11 52 62 63 4 5,999999999; Remainder: We take the remainder of N.:x%n is a kind of hash function.     

11 % 10 = 1  =>a[1] = 11      

52 % 10 = 2 => a[2] = 52     

62% 10 = 2? It’s called a hash conflict     

I want to find 52 52%10 => 2 and find a[2] = 52? If it is equal, it exists, if it is not equal, it does not exist. 62 % 10=>2 a[2] = 52 is not equal to 62

        2.3 How to resolve hash conflicts

                2.3.1 Open addressing (as shown below)

                Open addressing: The core idea of ​​open addressing is that if a hash conflict occurs, we re-detect a free location and insert it.

                How to insert : When we insert data into the hash table, if a certain data has been hashed by the hash function and the storage location is already occupied, we will start from the current location and search backwards to see if there is a free location.

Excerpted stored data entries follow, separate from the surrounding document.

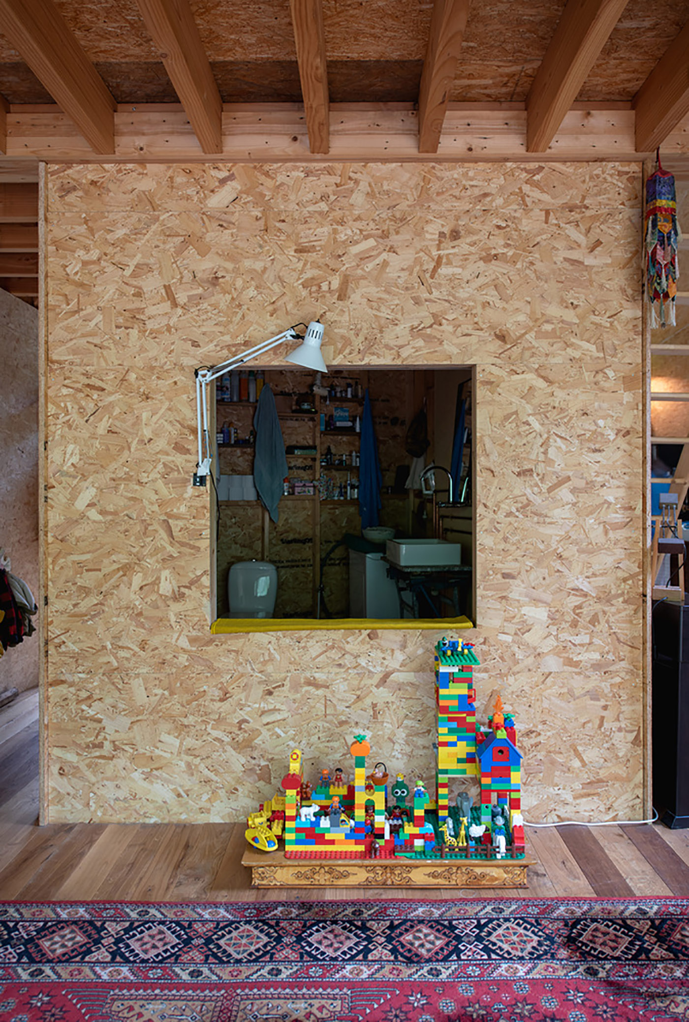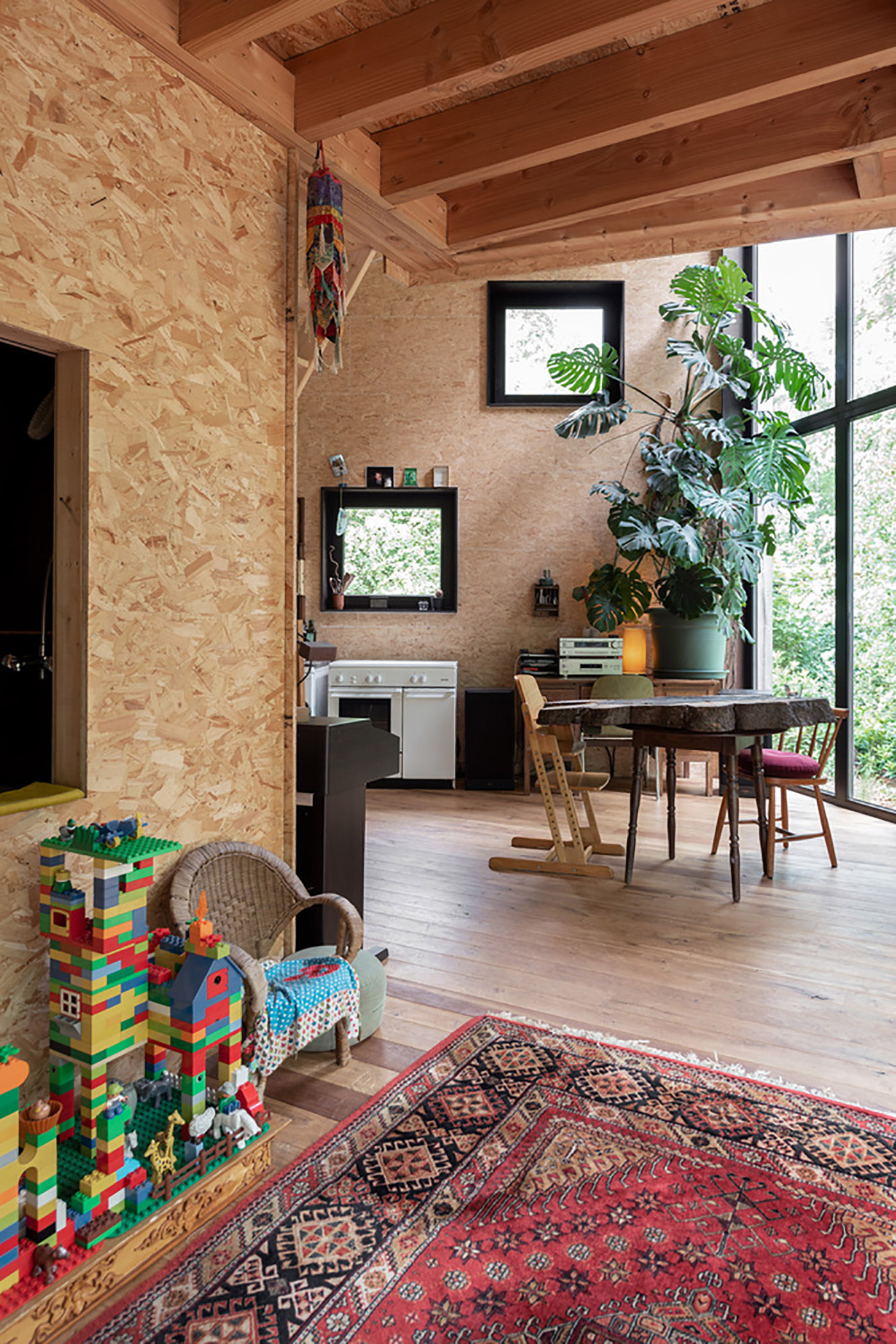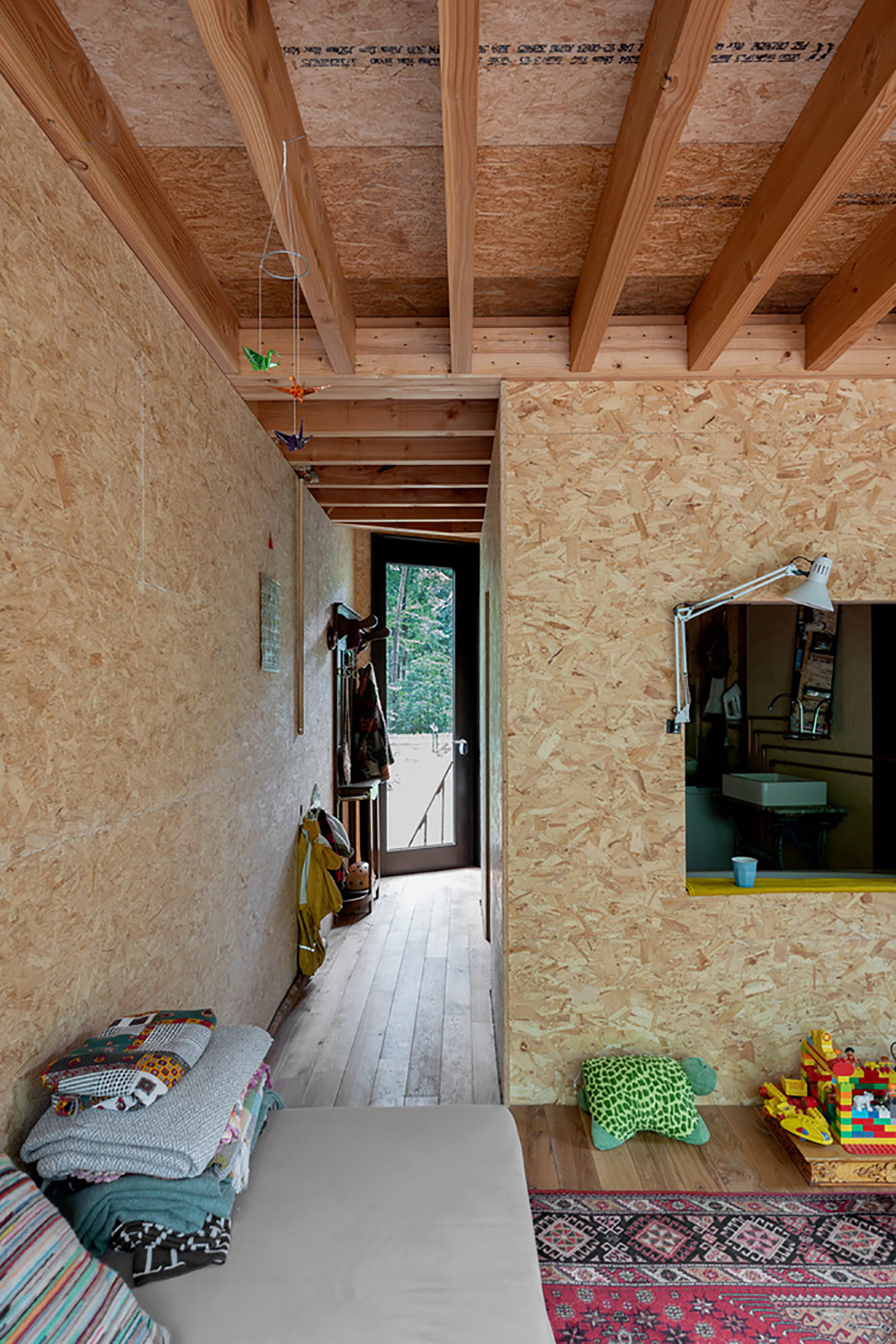 Local wood was the budget-friendly choice: easily renewable wood that would further reduce the client's costs. Even the windows are wood, and the roof is made of fiberboard topped with fiber cement sheets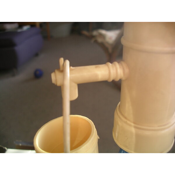Der einzige wirkliche Defekt ist auf Foto 3 zu sehen:Hinter den Henkel des Eimerchens gehört noch so ein Näschen wie vor dem Eimerchen,damit es nicht verrutschen kann beim "Betanken",aber ein findiger Geist könnte sich vermutlich auch anders behelfen(mir würde spontan ein extrem kleiner Gummiring einfallen,den man drumherum wickelt).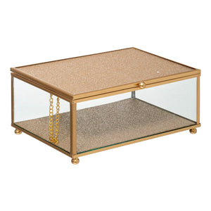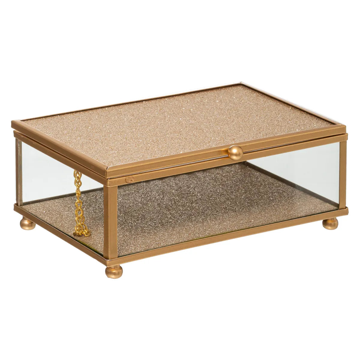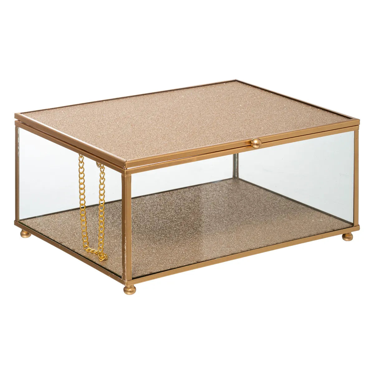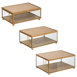 Deze luxe set van 3 gouden glitter juwelendoosjes voegt een vleugje glamour toe aan je sieradenopslag. Perfect voor het veilig opbergen van je ringen, kettingen en oorbellen, terwijl ze je kaptafel of kast verfraaien met een sprankelende, elegante uitstraling. Ideaal als cadeau of om je eigen sieraden op stijlvolle wijze te organiseren!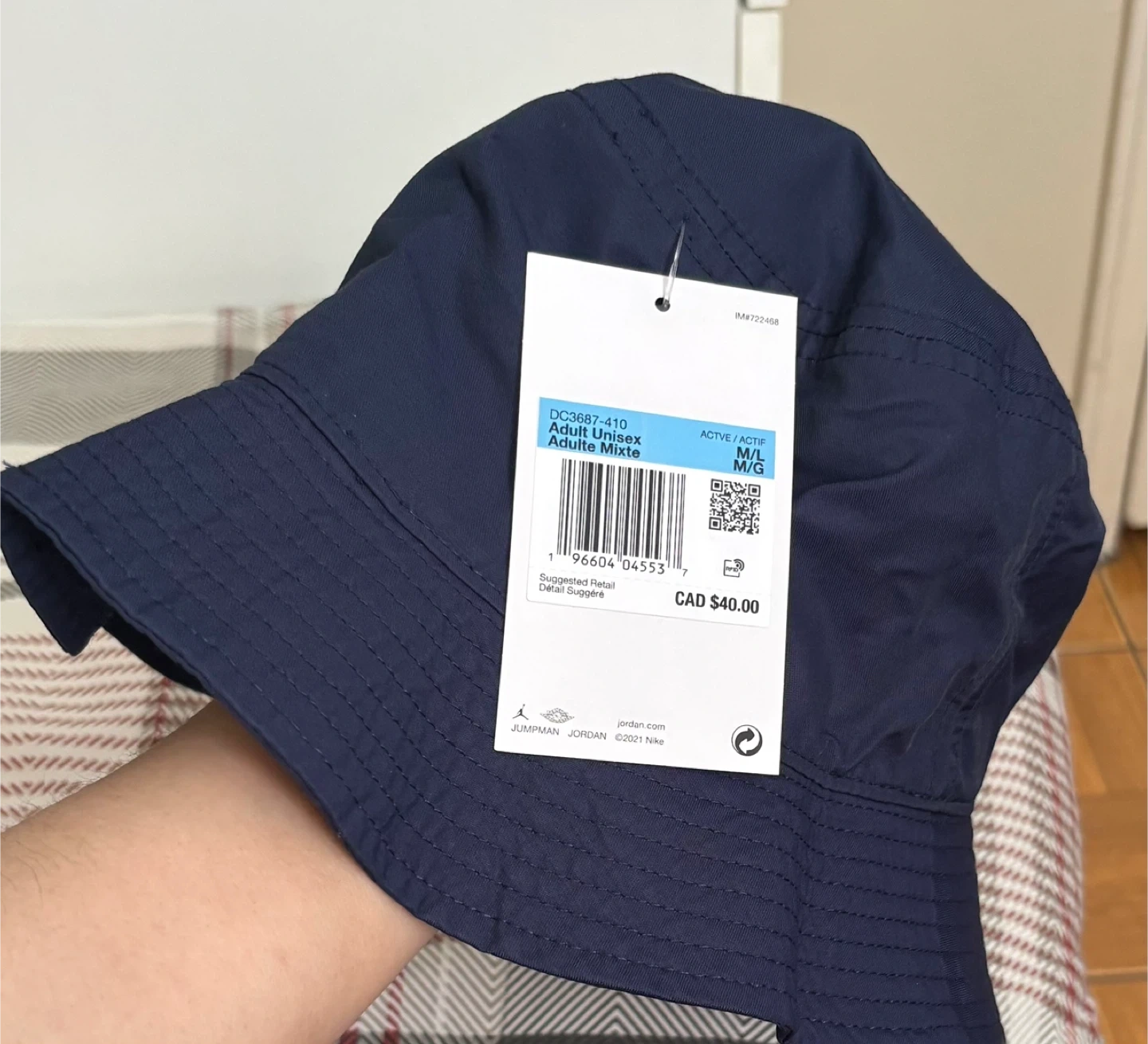 This is a Adult Unisex Jordan Jumpman Washed Bucket Hat. It's made from a 60% cotton and 40% nylon blend.

Until you find it. Look at the graphic below: green means data has been stored

                How to search : For example, search for 20: first get 0 according to the Hash function, and then compare the values ​​in sequence. If found, it is empty.

                shortcoming:

                         1. Deletion requires special treatment

                          2. If too much data is inserted, it will cause many conflicts in the hash table and the search may degenerate into traversal.

               2.3.2 Link address

                In fact, it is to use a linked list. The linked list method is a more commonly used hash conflict resolution method, and it is much simpler than the open addressing method. Let's look at this picture. In the hash table, each key corresponds to a linked list. All elements with the same hash value are placed in the linked list corresponding to the same slot. The above example will look like this.

Two illustrations of hash conflict resolution

Three: hash application

        3.1 hashmap

        Since the linked list structure does have some shortcomings, it has been optimized in our JDK and a more efficient data structure has been introduced: the red-black tree.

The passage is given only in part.